Другая жизнь (СИ) - "Haruka85" (читаем книги .txt) 📗
— Том! Тома! — он присел на корточки у изголовья постели. — Ты меня слышишь? — ему пришлось потрепать Томашевского по щеке, чтобы вынудить открыть глаза.
— Что? — снова шёпотом спросил Сергей.
— Что с тобой? Скажи, не молчи! Что у тебя ещё болит? Где? Почему ты не ешь?
— Просто не хочу. Это пройдёт.
— Ты сердишься?
— Нет.
— Я тебя обидел. Зря… — слово «прости» никогда не давалось Эрику, но он никогда не был так близок к нему, как сейчас.
— Всё в порядке, Эрик.
— Ты меня обманываешь, — «прости» перекатывалось на языке крупным, круглым камешком.
— Честно.
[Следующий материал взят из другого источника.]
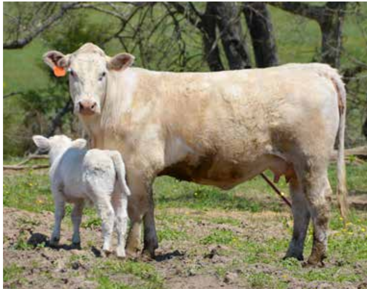
REAVES MS TIARA WRANGLER 355

20A: Pld bull calf born 3/20/21, sired by M6 Law & Order 577 P. 355's dam, 106Y is a maternal sib to Virginia Tech and Lone Oak's great Grid Maker bull, LOF/VPI Abraham. 106Y sire is also out of a Grid Maker son, EC No Doubt for a uniform genetic standing. Great numbers here, top 6% for WW, 15% YW, 35% Milk, 15% MTL, 35% CW, and 20% TSI for breed EPD rankings. Wrangler definitely adds super style and conformation.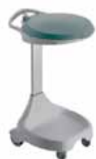
Elle 23L Plastic bag-holder with a wide ring and round edges and smooth surfaces for easy external cleaning. Complete with a handle to move the trolley easily, 2 non marking wheels 125 mm and 2 plastic feet. For bags from 70/75x110 cm to 80/85x110 cm. Available in two basic.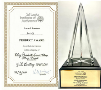
Product of Excellence Architect 2023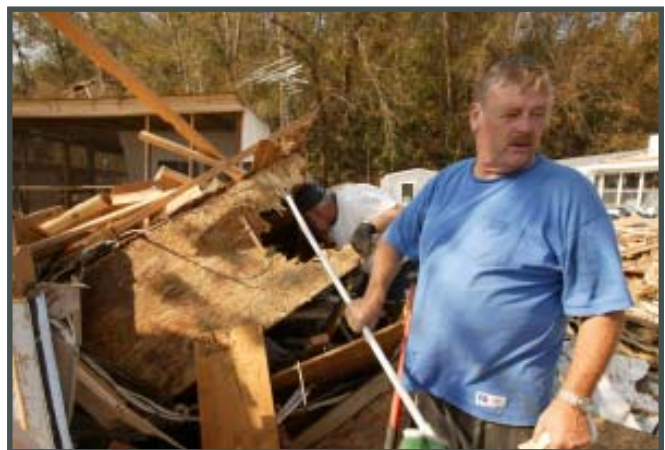
A Virginia resident cleans up the mess Hurricane Isabel left behind.

To date, the Public Assistance Program has approved $278 million for 3600 projects to 235 applicants. Human Services has approved 43,702 applications and dispersed $110,588,046.

Просто аппетита нет. Адреналин…
— Врёшь ты всё! — в сердцах выпалил Эрик, понимая, что скорее подавится этим злосчастным «прости», чем выплюнет наружу. Но Томашевский, казалось, понял всё без слов. Вот бы он всегда был такой — понимающий и чуткий.
— Эрик, ты кошмар моего существования. Ты ведь не дашь мне спокойно полежать, нет?
— Дам, дам! Лежи, отдыхай, — невольно улыбнулся Эрик, улавливая оттенки эмоций в ответной речи.
— Неси свой суп. Только немного. И учти, есть мне придётся лёжа.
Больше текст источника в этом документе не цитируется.